[[ Records for the task, beginning ]]

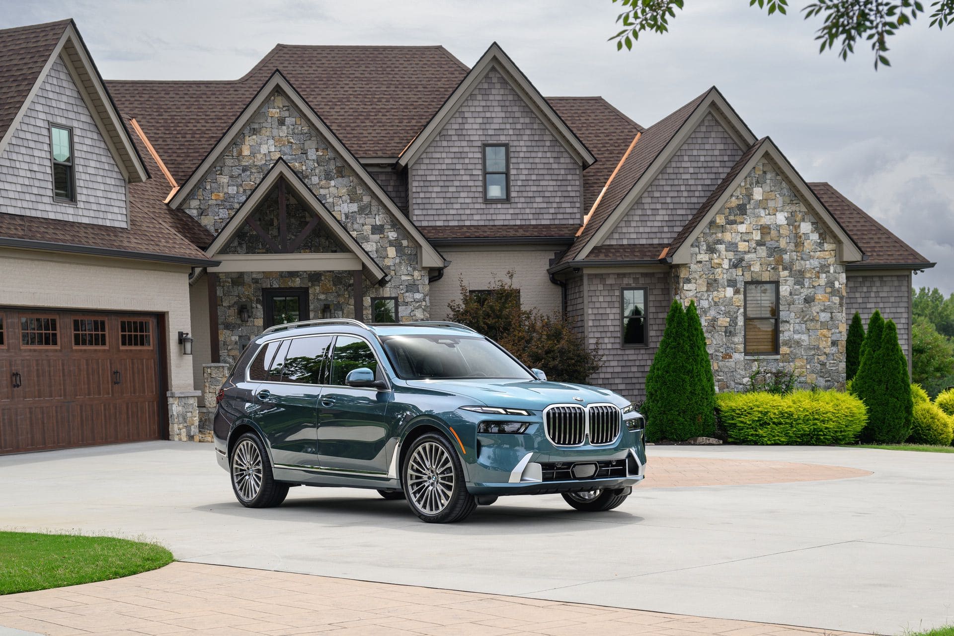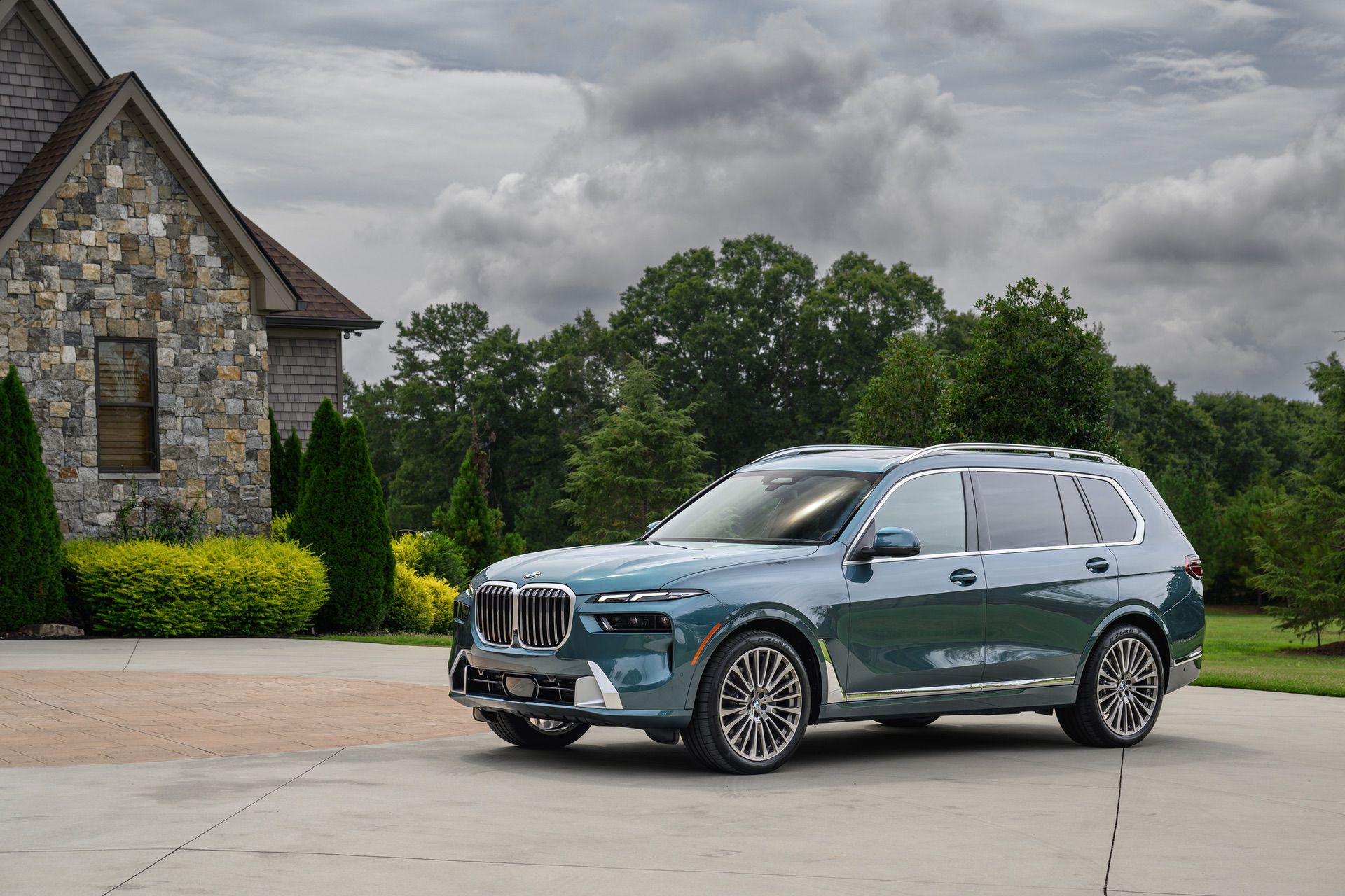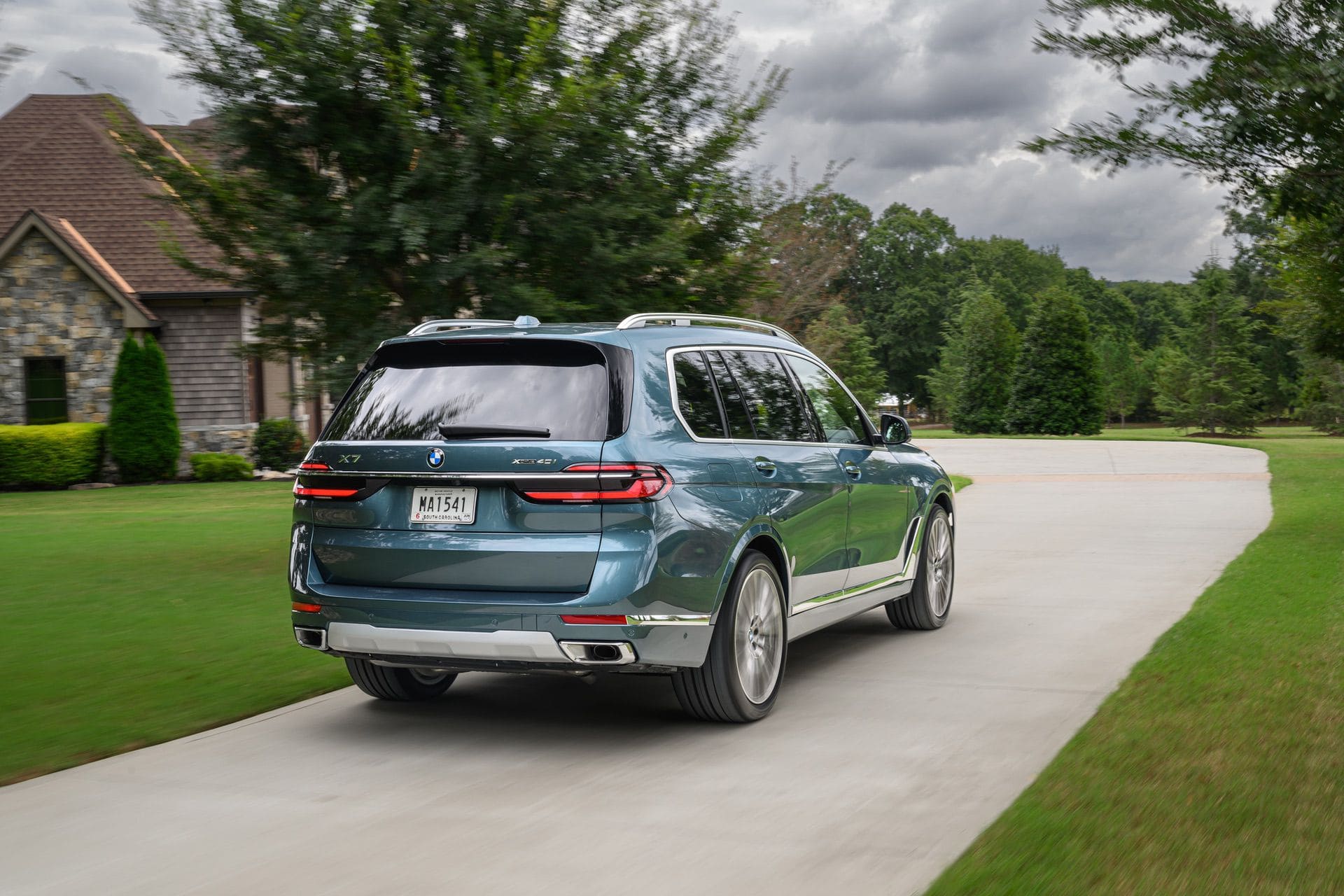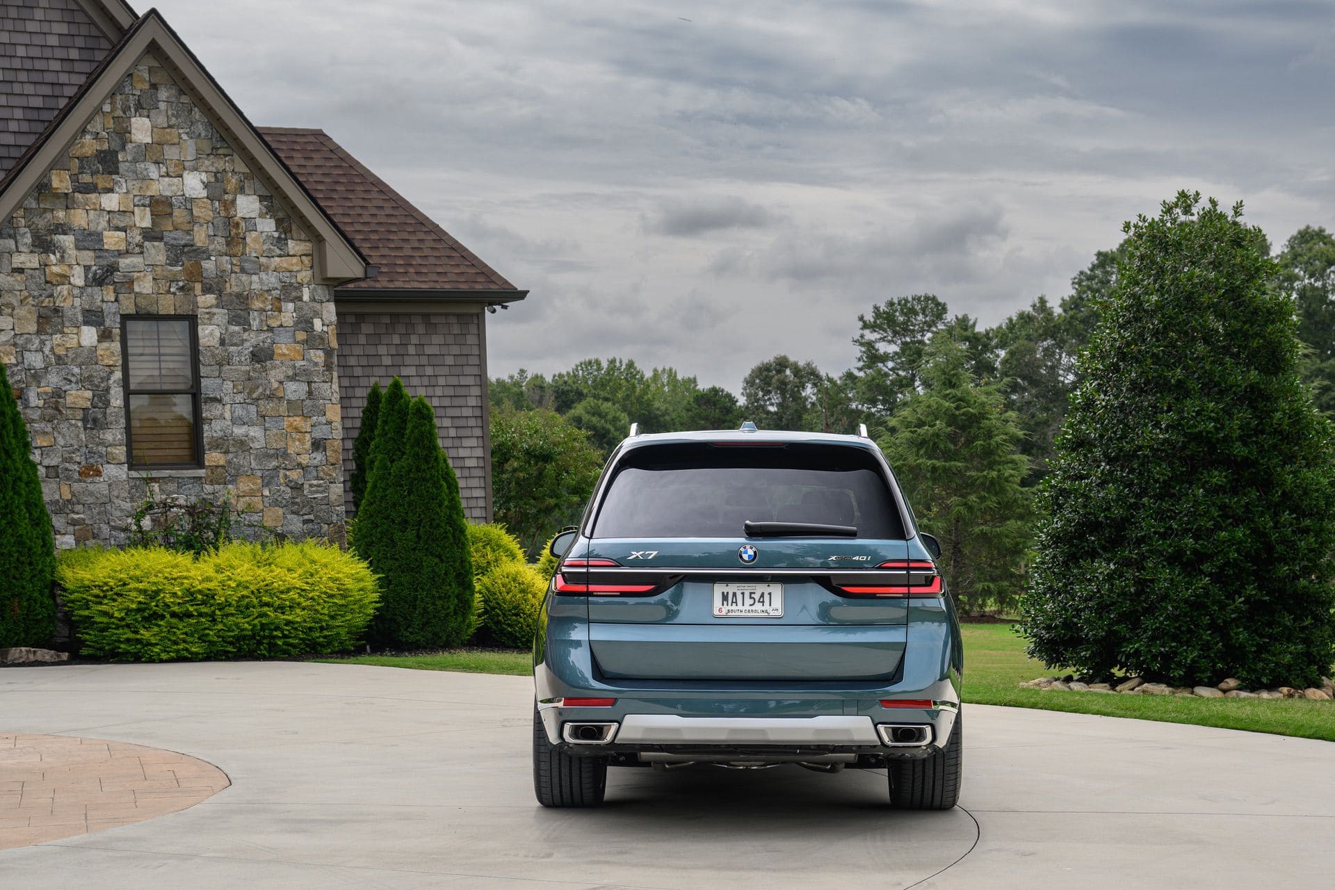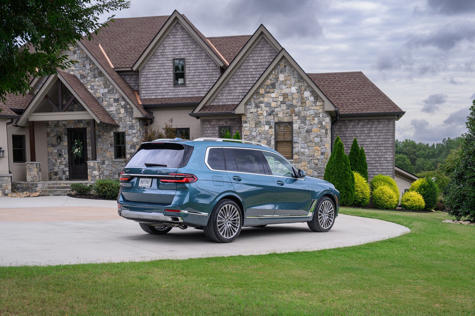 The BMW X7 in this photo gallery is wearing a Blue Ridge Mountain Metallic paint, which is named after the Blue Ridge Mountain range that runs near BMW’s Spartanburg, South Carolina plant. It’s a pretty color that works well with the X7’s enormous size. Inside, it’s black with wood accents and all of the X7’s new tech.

[[ Records for the task, end ]]
[[ Records for the task, beginning ]]

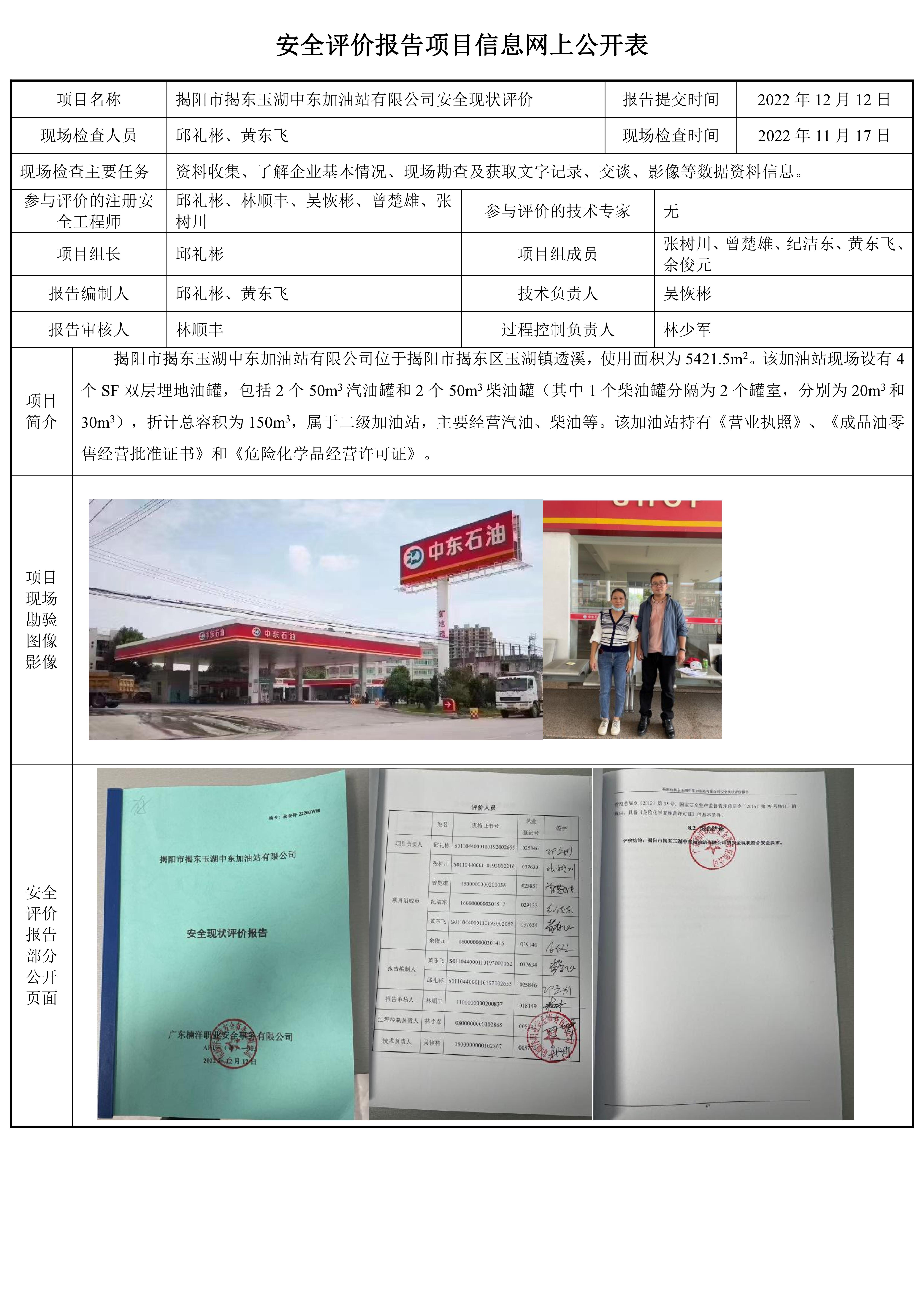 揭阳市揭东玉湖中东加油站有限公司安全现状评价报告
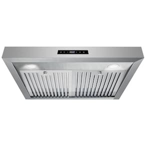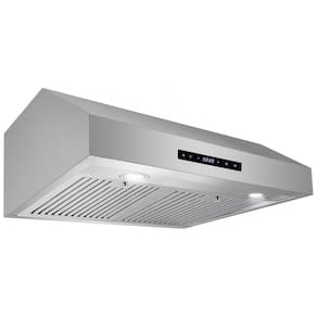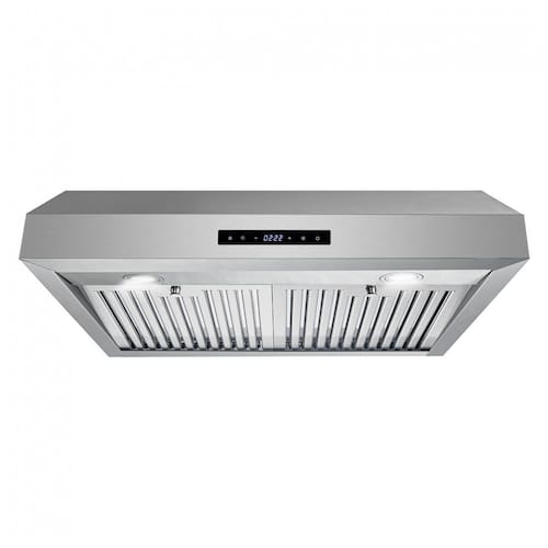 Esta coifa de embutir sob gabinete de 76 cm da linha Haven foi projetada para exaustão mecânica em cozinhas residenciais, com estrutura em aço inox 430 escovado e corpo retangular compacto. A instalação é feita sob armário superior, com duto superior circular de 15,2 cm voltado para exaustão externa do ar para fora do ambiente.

[[ Records for the task, end ]]

Exercise for the records above: copy only the lines from the one with "揭阳市揭东玉湖中东加油站有限公司安全现状评价报告" to the one with "Esta coifa de", both ends kept, and drop the pictures.

◆ **Task result**:
 揭阳市揭东玉湖中东加油站有限公司安全现状评价报告
 Esta coifa de embutir sob gabinete de 76 cm da linha Haven foi projetada para exaustão mecânica em cozinhas residenciais, com estrutura em aço inox 430 escovado e corpo retangular compacto. A instalação é feita sob armário superior, com duto superior circular de 15,2 cm voltado para exaustão externa do ar para fora do ambiente.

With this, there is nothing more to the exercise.